As we will see, derivative approximation is an area where we cannot ignore cancellation error as it is a pervasive issue. For example, cancellation error is the reason why \[ \sum_i x_i^2 - n \bar x^2 \] is not a good basis for a ‘one-pass’ method for calculating \[\sum_i (x_i-\bar x)^2.\] Indeed, \[\sum_i (x_i - x_1)^2 - n (\bar x - x_1)^2,\] is a simple one pass alternative, and generally much better. See, e.g., Chan et al. (1983).

Cancellation error is also a substantial issue in numerical linear algebra. For example, orthogonal matrix decompositions (used for QR, eigen and singular value decompositions), usually involve an apparently arbitrary choice at each successive rotation involved in the decomposition, about whether some element of the result of rotation should be positive or negative: one of the choices almost always involves substantially lower cancellation error than the other, and is the one taken.

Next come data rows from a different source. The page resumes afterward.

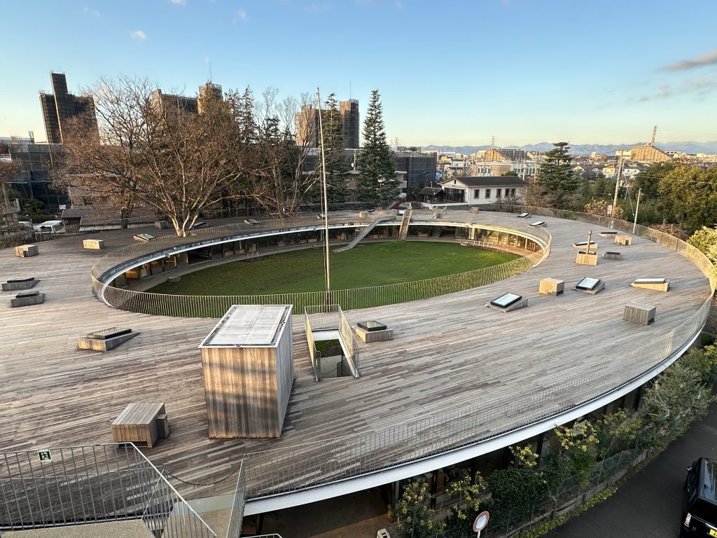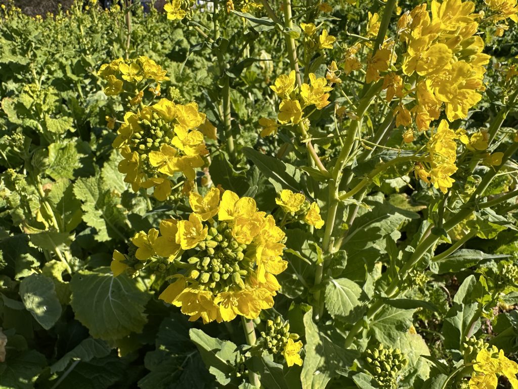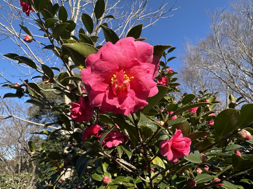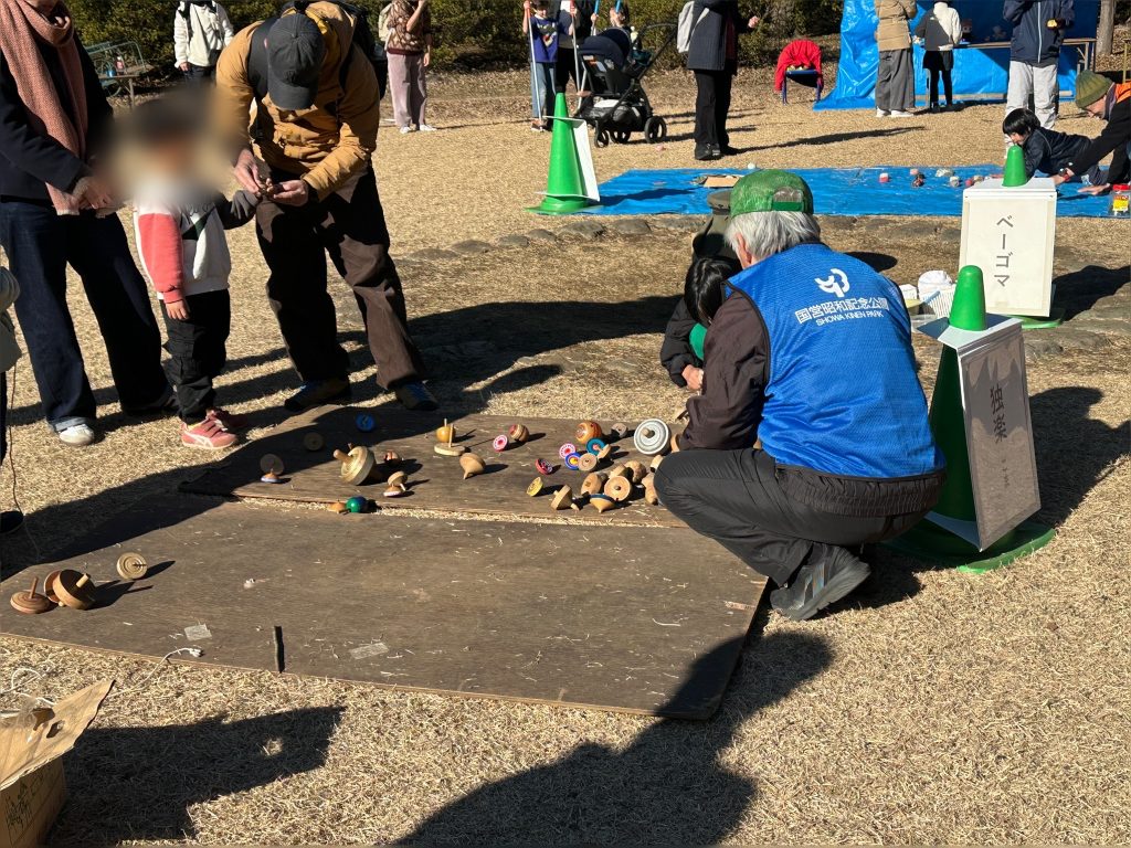 お正月、日差しもあたたかな日、昭和記念公園を散歩していたら、赤いさざんかの花、薄レモン色のロウバイの花に出会い、明るい気持ちになりました。また、みんなの原っぱ北側には黄色の花が咲き始めた大きな菜の花畑もあり、早春を感じたひと時になりました。約2時間ウォーキングしていると、子どもの森近くで毎年9月の子育て教育フェアでお世話になっている立川市クラフト同好会の皆様に出会いました。この会が主催する“昔遊び大会”が開催されていて、多くの子どもたちが集まっていました。福笑い、ダルマ落とし、コマ回し、ベーゴマ、けん玉、羽根つき、ガリガリとんぼ、大根てっぽう、竹ぽっくり、竹とんぼ等々、いろいろなコーナーで、あそび方を知らない子どもたちは会員の皆様の指導のもと、楽しんでいました。特に、竹とんぼ飛ばし方練習機器(動画)は秀逸もので、素晴らしかったです‼幼稚園でも参考にさせていただき遊んでみたいと思いました。実はこの会、ご高齢の方が多い集まりで、おじいちゃんがひ孫に遊びを伝えているようで素晴らしい光景でした。さらに、会長は91才、よく動き、とても元気な方、会長さんに素敵な年の取り方を教えてもらった気がしました。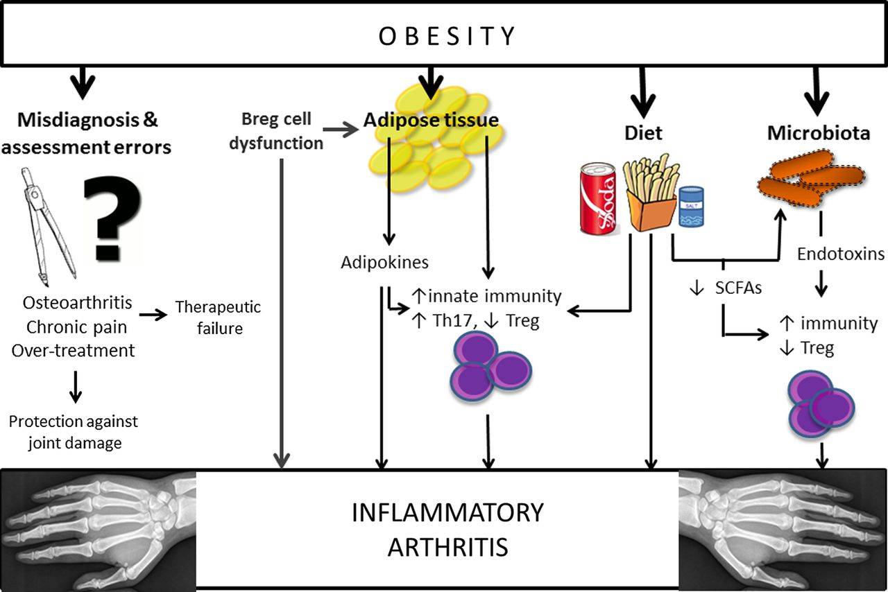 ОЖИРЕНИЕ СПОСОБСТВУЕТ УВЕЛИЧЕНИЮ РИСКА РАЗВИТИЯ РЕВМАТОИДНОГО АРТРИТА, РОСТУ ВОСПАЛЕНИЯ И ТЯЖЕСТИ ЗАБОЛЕВАНИЯ (Р)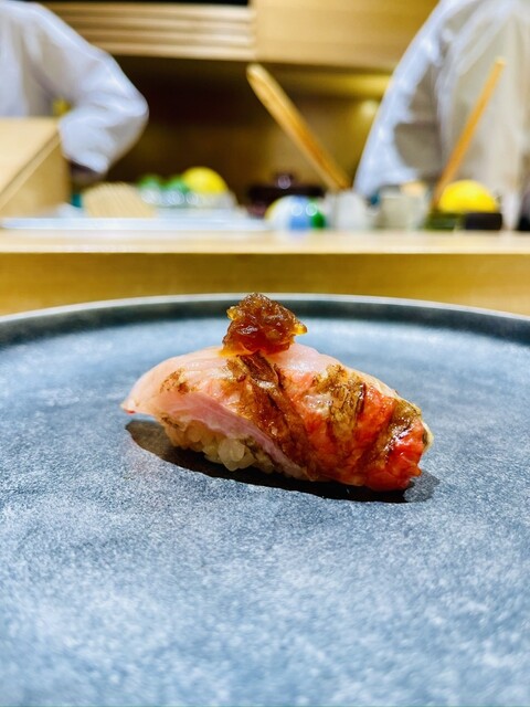 ・ 銚子産金目鯛の握り … バターを使った玉ねぎがアクセントになり、驚きの美味しさ!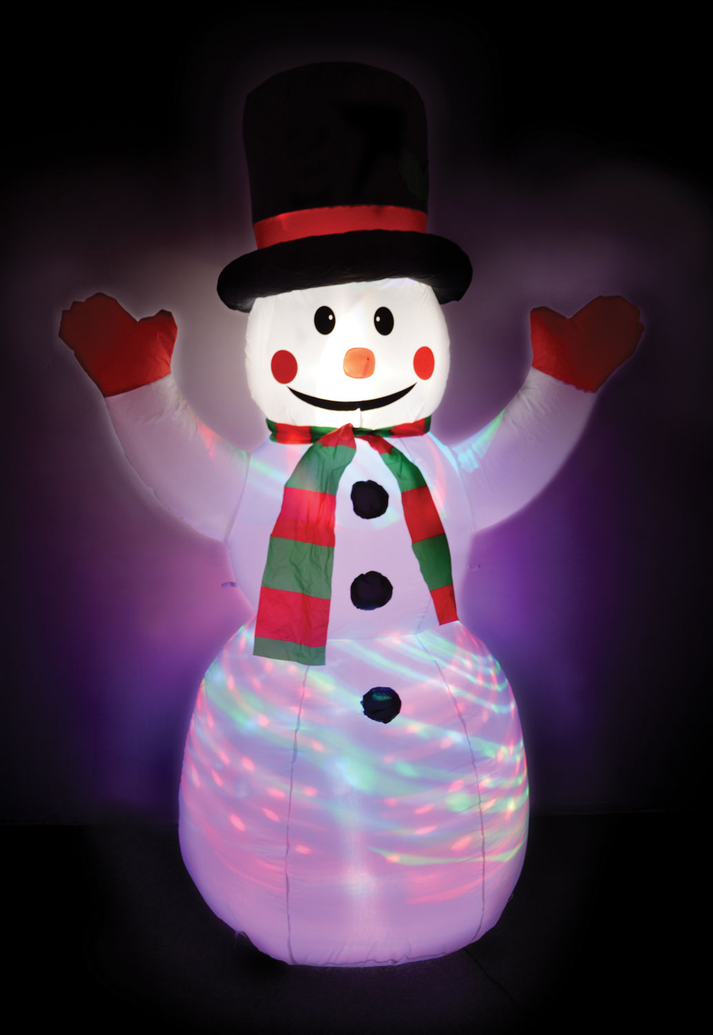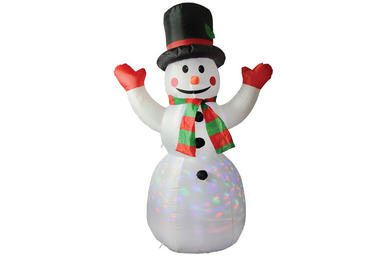 Decorative inflatable figures to bring the Christmas spirit to your home or garden! A range of 5 cheery designs, each with internal LED lighting for a festive glow or in the case of the snowman, a gently swirling light show. An internal, powered fan inflates each figure to up to 6ft in height, ensuring you can’t miss them – even from a distance! Ideal for indoor and outdoor use; just keep the 12Vdc adaptor sheltered from the elements. The weighted base keeps the figures upright and secure, and ground spikes are supplied for when extra fixing is required. Made from durable nylon, which folds away compactly for storage until next year!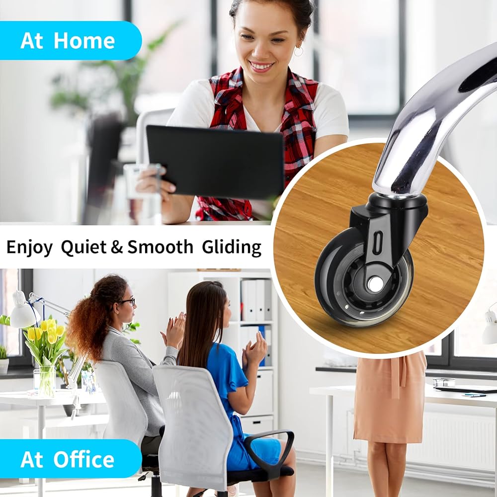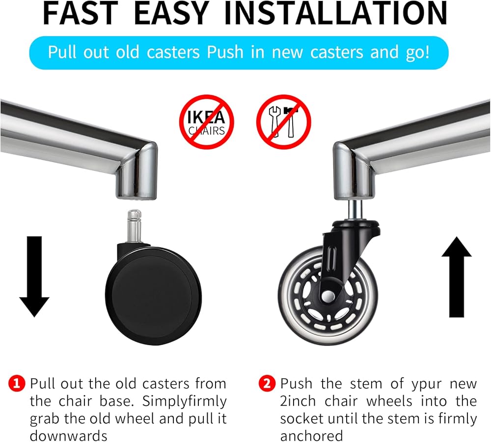【تركيب مريح】 لا توجد حاجة لأي أدوات لتركيب عجلات الأثاث المكتبي. ما عليك سوى سحب العجلات الأصلية ثم دفع العجلات الجديدة عالية الجودة. تنزلق عجلات كرسي مكتب Popolov بسلاسة وهدوء بدلاً من الصرير وعدم الاستقرار الذي تسببه تلك العجلات الرخيصة ومنخفضة الجودة.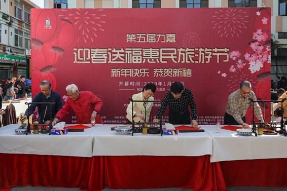 据悉,每年春节前夕期间,力嘉创意文化产业园都安排相关迎春活动,让艺术家与现场观众同乐。一直以来,园区的迎春送福活动得到政府的大力支持和市民的热情参与,至今已成功举办了五届,成为龙岗区旅游贺岁活动的一个标志性品牌,更是龙岗市民新年不可或缺的旅游活动。
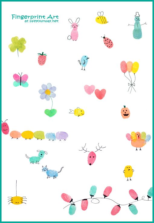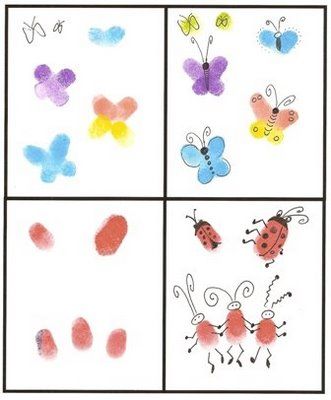 نقاشی با اثر انگشت و گواش و مداد رنگی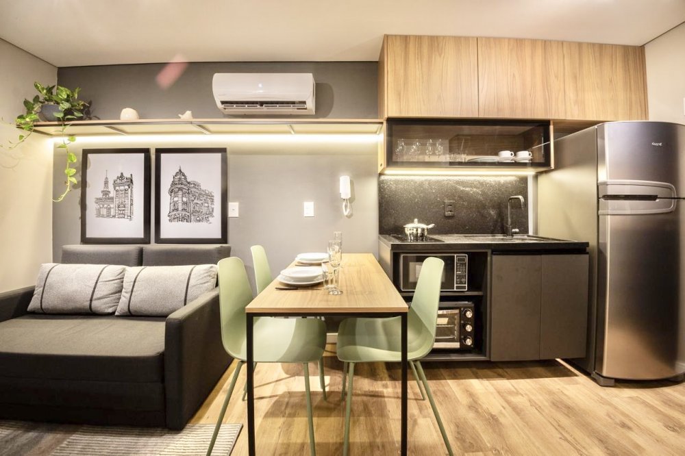 Apartamento Ultra Compacto, mobiliado, é uma ótima opção para jovens em seu primeiro imóvel, estudantes e viajantes.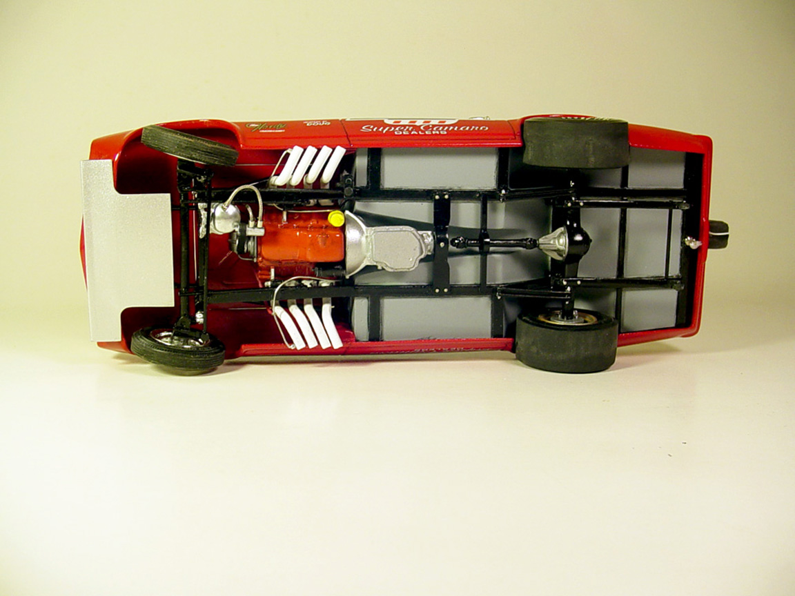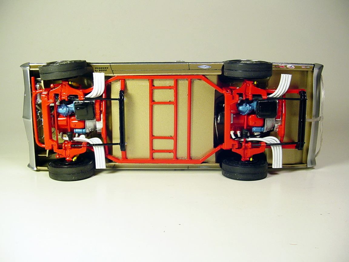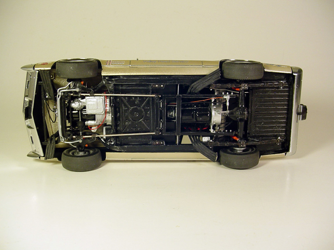 fuel lines, linkage, water lines, large chin spoiler, headers (made from solder), hubs on rear mag wheels, gas pedal base,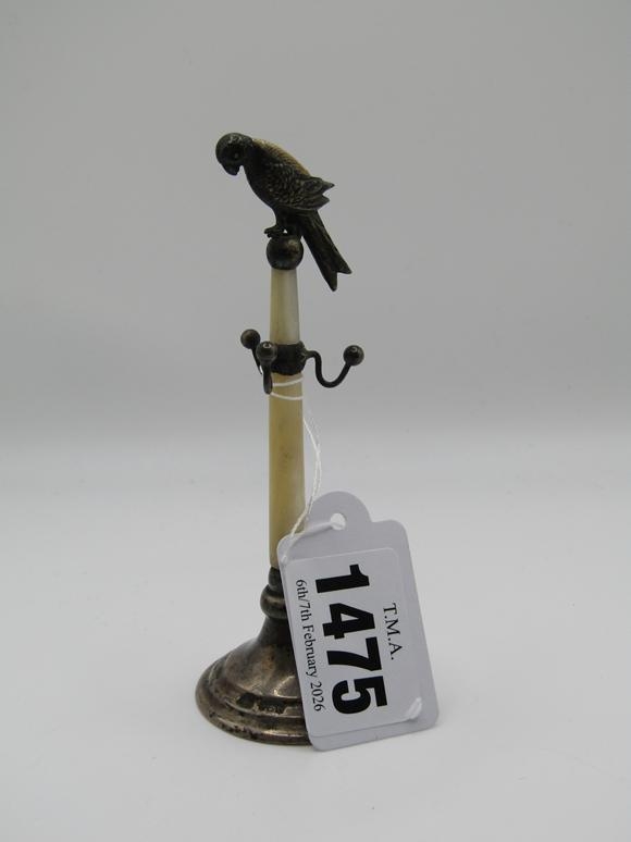 SILVER MOTHER OF PEARL PARROT PIN CUSHION/HOLDER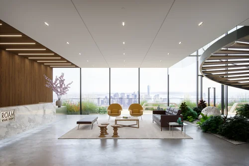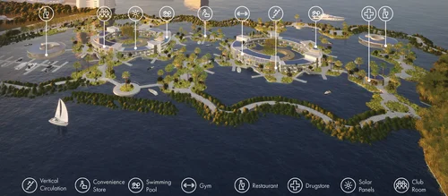 Supporting pavilions provide access to essential services: convenience stores, drugstores, and co-working spaces, all designed to sustain daily life on the water.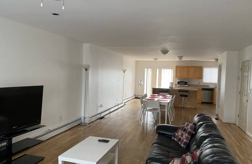 Waterfront home on Eastchester Bay, 2nd and 3rd floors, modern, 3 bedrooms with one king bed, 2 queen beds plus queen sofa bed, 2 full bathrooms and one-half bath, window AC, gas range, microwave, and refrigerator.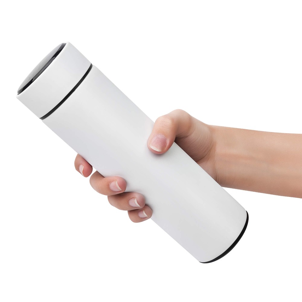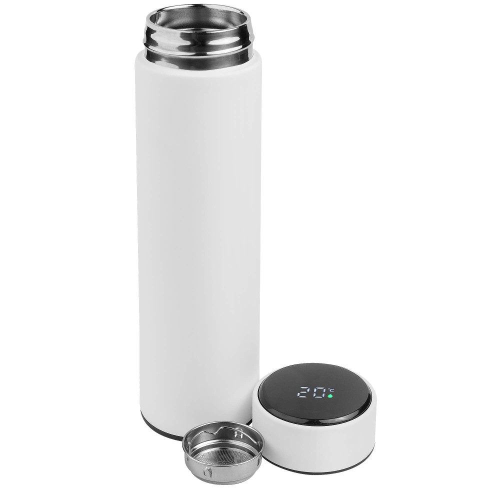 Термос из нержавеющей стали с покрытием soft-touch. Крышка в цвет термоса с покрытием soft-touch.   Внутренняя стенка - нержавеющая сталь  AISI 304;Внешняя стенка - металл с покрытием soft-touch; Благодаря двойным стенкам и вакуумной изоляции, колба способна удерживать тепло на протяжении 18 часов. При температуре окружающей среды ~ +25°С   Термос поставляется в комплекте с ситечком.   На крышке ЖК дисплей с сенсорным индикатором температуры. Чтобы узнать температуру внутри термоса, нужно прикоснуться к поверхности крышки. Батарейку CR2032 можно заменить — для этого открутите верхнюю часть крышки против часовой стрелки и аккуратно поменяйте элемент питания.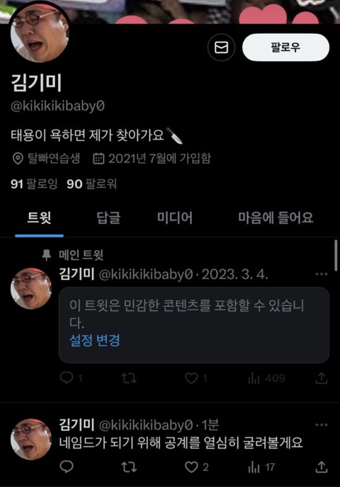 추가-> 알아보니 ㅅㄹ는 팔로적고 네임드도 아니고 그 5명중 하나가 ㅅㄹ라는 닉의 올프 해프인데 걔가 ㅁㄴㅈ중 하나랑 맞팔인 인맥있음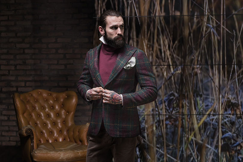 Utilizzo di tessuti vintage e accostamenti inediti caratterizzano il dandy contemporaneo di Gabriele Pasini. Il sarto modenese ha creato uno stile unico diventato iconico.

Since approximation of derivatives inevitably involves subtracting similar numbers, it is self evident that cancellation error will cause some difficulty. Numerical integration tends to be a more stable process (at least when integrating positive functions) because numerical integration is basically about adding numbers up, rather than looking at differences between them, and this is more stable. Consider, e.g.

f <- a + b
(f-2e16-pi)/(2e16+pi) ## relative error in sum, is tiny...

[1] 4.292037e-17

2 Gradients, partial derivatives and derivatives

Recall that the derivative of a function \(f : \mathbb{R} \to \mathbb{R}\) is the function \(f'\) given by \[ f'(x) = \lim_{h\to 0} \frac{f(x+h)-f(x)}{h}, \tag{1}\] if the limit exists.

The gradient of some function \(f : \mathbb{R}^d \to \mathbb{R}\) is the vector of partial derivatives \[ \left ( \frac{\partial f}{\partial x_1}, \ldots, \frac{\partial f}{\partial x_d} \right ), \] where \[ \frac{\partial f}{\partial x_i}({\bf a}) = \lim_{h\to 0} \frac{f(a_1,\ldots,a_{i-1},a_i+h,a_{i+1},\ldots,a_d)-f({\bf a})}{h}. \] In other words, \(\partial f / \partial x_i\) is the derivative of the function with respect to the \(i\)th variable with the others held constant.

Hence, approximating a gradient can be done by approximating each partial derivative. In particular, for the sake of clarity we can often reduce our attention to \(f : \mathbb{R} \to \mathbb{R}\).

Although we will focus on this simple setting, it is nevertheless worth remembering that in practice one could be approximating gradients of very complicated functions with large \(d\), e.g. the log-likelihood associated with a very complex statistical model with lots of parameters.

3 Approximate derivatives by finite differencing

A natural approximation of Equation 1 is \[ f'_h(x) = \frac{f(x+h)-f(x)}{h}, \] with \(h\) “suitably small”.

Taylor’s Theorem gives \[ f(x+h) = f(x) + hf'(x) + \frac{1}{2} h^2 f''(\xi), \] where \(\xi \in (x,x+h)\). Rearranging, and assuming \(\sup_z|f''(z)| \leq L\), we have \[ \left | \frac{f(x+h)-f(x)}{h} - f'(x) \right | = \frac{1}{2}h | f''(\xi) | \leq \frac{Lh}{2}. \tag{2}\] This gives us a bound on the error obtained by using some fixed \(h > 0\) rather than taking the limit.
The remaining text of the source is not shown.